The present invention can efficiently perform leveling among a plurality of flash memory packages including a newly added substitute flash memory package.
According to the present embodiment, the property of data in a plurality of flash memory packages is treated as an attribute and data is migrated between the flash memory packages based on that attribute of the data in order to avoid concentration of selected blocks in the plurality of flash memory packages including a newly added substitute flash memory package when performing leveling.
A storage apparatus 100 serving as a storage subsystem is constituted from a plurality of storage controllers 110, internal bus networks 120, flash memory packages 130, and a service processor SVP (Service Processor) 140.
The storage controller 110 is constituted from a channel I/F 111 for connection to a host 300 via, for example, Ethernet (IBM's registered trademark) or Fibre Channel, a CPU 112 (Central Processing Unit) for processing I/O (inputs/outputs), a memory (MEM) 113 for storing programs and control information, an I/F 114 for connection to a bus inside the storage subsystem, and a network interface card (NIC) 115 for connection to the service processor 140. Incidentally, PCI-Express is used as the I/F 114 in this embodiment, but an I/F such as SAS (Serial Attached SCSI) or Fibre Channel, or a network such as Ethernet may be used as the I/F 114.
The internal bus network 120 is constituted from a switch that can be connected to, for example, PCI-Express. Incidentally, a bus-type network may be used as the internal bus network 120, if necessary.
Each flash memory package (hereinafter referred to as the “FMPK”) 130 is constituted from a plurality of flash memories 132 and a flash memory adapter (FMA) 131 for controlling access to data in the flash memories 132 based on access from the internal I/F 114. This FMPK 130 may be a flash memory package that make memory access, or a flash memory package like a Solid State Disk (SSD) that has a disk I/F for, for example, Fibre Channel or SAS.
The service processor (SVP) 140 loads programs that should be loaded to the storage controller 110 to the storage controller 110, performs initialization of the storage system, and manages the storage subsystem. This service processor 140 is constituted from a processor 141, a memory 142, a disk 143 for storing an OS (Operating System) and a microcode program for the storage controller 110, a network interface card (NIC) 144 for connection to the storage controller 110, and a network interface card (NIC) 145 such as Ethernet for connection to an external management console (management console) 500.

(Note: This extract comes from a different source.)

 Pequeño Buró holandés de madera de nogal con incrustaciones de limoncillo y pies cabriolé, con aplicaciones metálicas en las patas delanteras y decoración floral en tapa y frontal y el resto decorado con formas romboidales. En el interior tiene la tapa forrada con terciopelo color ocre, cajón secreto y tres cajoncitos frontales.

This storage apparatus 100 is connected to the host 300 via a SAN (Storage Area Network) 200 and is also connected to the management console 500 via a LAN (Local Area Network) 400.
The host 300 is a server computer and contains a CPU 301, a memory (MEM) 302, and a disk (HDD) 303. The host 300 also has a host bus adapter (HBA) 304 for, for example, SCSI (Small Computer System Interface) data transfer to/from the storage apparatus 100.

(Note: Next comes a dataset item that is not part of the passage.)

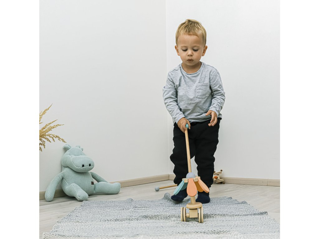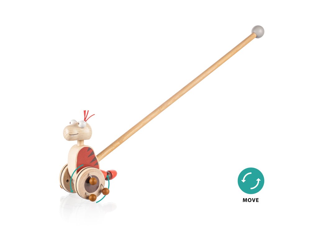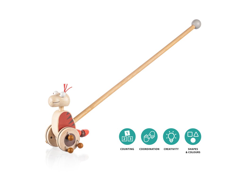 Pevná tyč navíc slouží jako opora při prvních dětských krůčcích a je na konci opatřena dřevěnou koulí pro větší bezpečnost. Jezdík nemá žádné ostré hrany a je vyroben z odolného dřeva s dlouhou životností.

The SAN 200 uses a protocol according to which SCSI commands can be transferred. For example, protocols such as Fibre Channel, iSCSI, SCSI over Ethernet, or SAS can be used. In this embodiment, a Fibre Channel network is used.

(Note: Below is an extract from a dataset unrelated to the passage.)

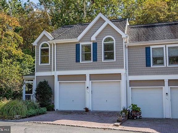 Set in the coveted Rock Creek Woods community, just minutes to Lambertville and New Hope, this bright and inviting end-unit offers maintenance-free living surrounded by nature. A crisp brick walkway lined with mature perennials leads to a delightful screened-in porch with ceiling fans that overlooks peaceful green views. Inside you will discover abundant windows, hardwood floors, and an open and airy main level that makes entertaining easy. A cozy living room with fireplace is open to the dining area, and a wall of glass doors ushers you out to the expansive back deck that overlooks Rock Creek and the woods beyond. This gorgeous setting is the perfect backdrop to start your morning or unwind at the end of the day while listening to the babbling creek. The eat-in chef’s kitchen is ready for the holidays with granite counters, large center is-land, stainless steel appliances, including built-in gas oven and warming drawer. A wall of lovely built-in cabinets offers a breakfast bar and ample storage. A sweet powder room and direct access to the two-car attached garage adds ease to daily life. The open staircase leads up to a bright wraparound landing with a large bow window with a built-in seat. The primary suite is a private retreat with a vaulted ceiling and walls of windows that overlook the creek, so you can fall asleep to the babbling creek. The huge ensuite bathroom has a soaking tub, double vanity, and two walk-in closets. Across the hall, there are two more charming bedrooms, a full hall bath-room, and second floor laundry. Spend your weekends enjoying the natural beauty of the area, hiking along the D&R Canal Towpath, or exploring the restaurants, shops, and entertainment on both sides of the river.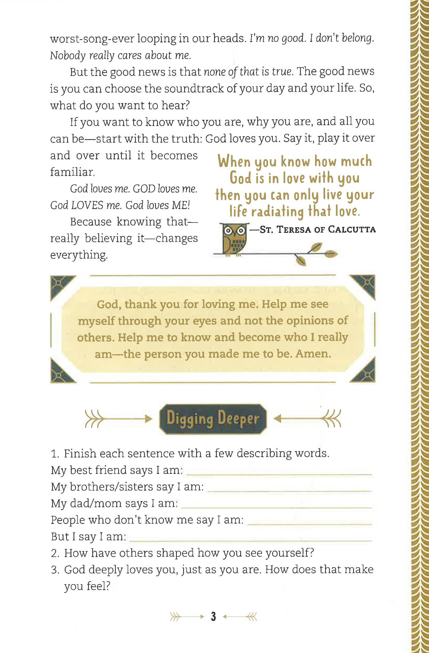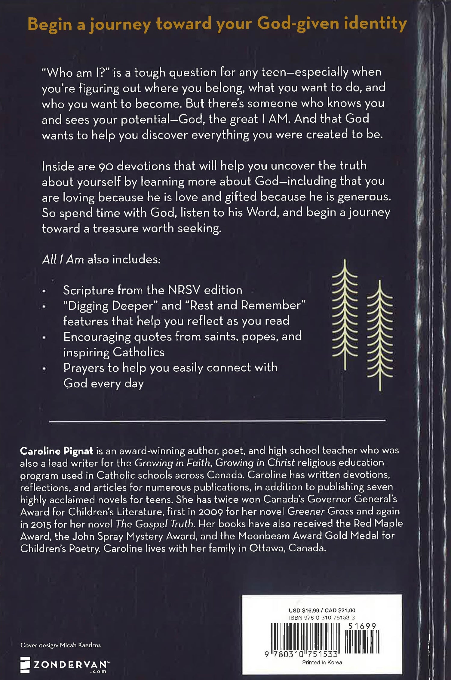 Inside the pages of All I Am are 90 devotions from a Catholic perspective that use conversational language to apply God's truth to your life through relatable examples and real-world applications, each helping you think, act, and be like Jesus and grow your faith and self-esteem.

The management console 500 is a server computer and contains a CPU 501, a memory (MEM) 502, and a disk (HDD) 503. The management console 500 also has a network interface card (NIC) 504 capable of communicating with the service processor 140 according to TCP/IP (Transmission Control Protocol/Internet Protocol). A network enabling communications between the server and a client such as an Ethernet network can be used as the network interface card (NIC) 504.
The LAN 400 operates according to the IP (Internet Protocol) protocol such as TCP/IP and is connected to the network interface card (NIC) 145 using a network, such as an Ethernet network, enabling communications between the server and a client.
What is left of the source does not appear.